Options PnL Part 2

So, we looked at buying calls and buying puts. Respectively, the graphs look like:


The blue graph is buying a call option with the strike price of 15 for a price of 2 (kink is at 15 and the most we can lose is 2). The orange graph is buying a put option with the strike price of 35 for a price of 3 (kink is at 35 and the most we can lose is 3). We can also say (more simply) the graph on the left is for the 15 call for a price of 2 and the graph on the right is for the 35 put for a price of 3.

Let's take a look at selling calls and selling puts. I'll go into detail about selling puts (in my experience, this topic gives most people a hard time).
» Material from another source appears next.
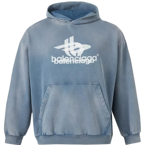 Хлопковое голубое худи с эффектом потертости

Using the same put from above for this example (strike price of 35, the price of the contract being 3), let's say you are selling an option that gives the buyer the right to sell (to you) the underlying at the price of 35. What do you get in return for selling this right? 3! So, you collect 3 and you'll keep it if the price of the underlying , at expiration, is greater than or equal to 35 (since the holder of the put won't want to sell it to you at 35 when he can just go to the marketplace and sell it to someone else for more money). For any price under 35, he has the right to sell it to you at 35. For instance, if the underlying is valued at 28 at the time of expiration, then the holder might exercise his right and sell (to you) the underlying at the price of 35. That is to say, you have purchase the underlying from him for the price of 35 (even though you could buy it at the marketplace for 28). So, our graph will look a lot like the orange graph above, just flipped.


Okay. Now using the same logic for selling a call, we have the following graph:


In selling the put, the best case scenario is you collect 3. That is. There isn't anything better than that. The worst case, however, is when the underlying price goes to zero. You will be forced to buy the underlying (now worthless) for the strike price (35). So, the most you can lose is 35. Or, more generally, the strike price.

In selling the call, the best case scenario is your collecting 2. The worst case scenario happens when the underlying value goes up towards infinity. In that case, our losing is potentially infinite.

This is why most brokerage firms (Schwab, ETrade, Fidelity, etc.) won't let you sell options without making a very large deposit (called a margin) for those worst case scenarios.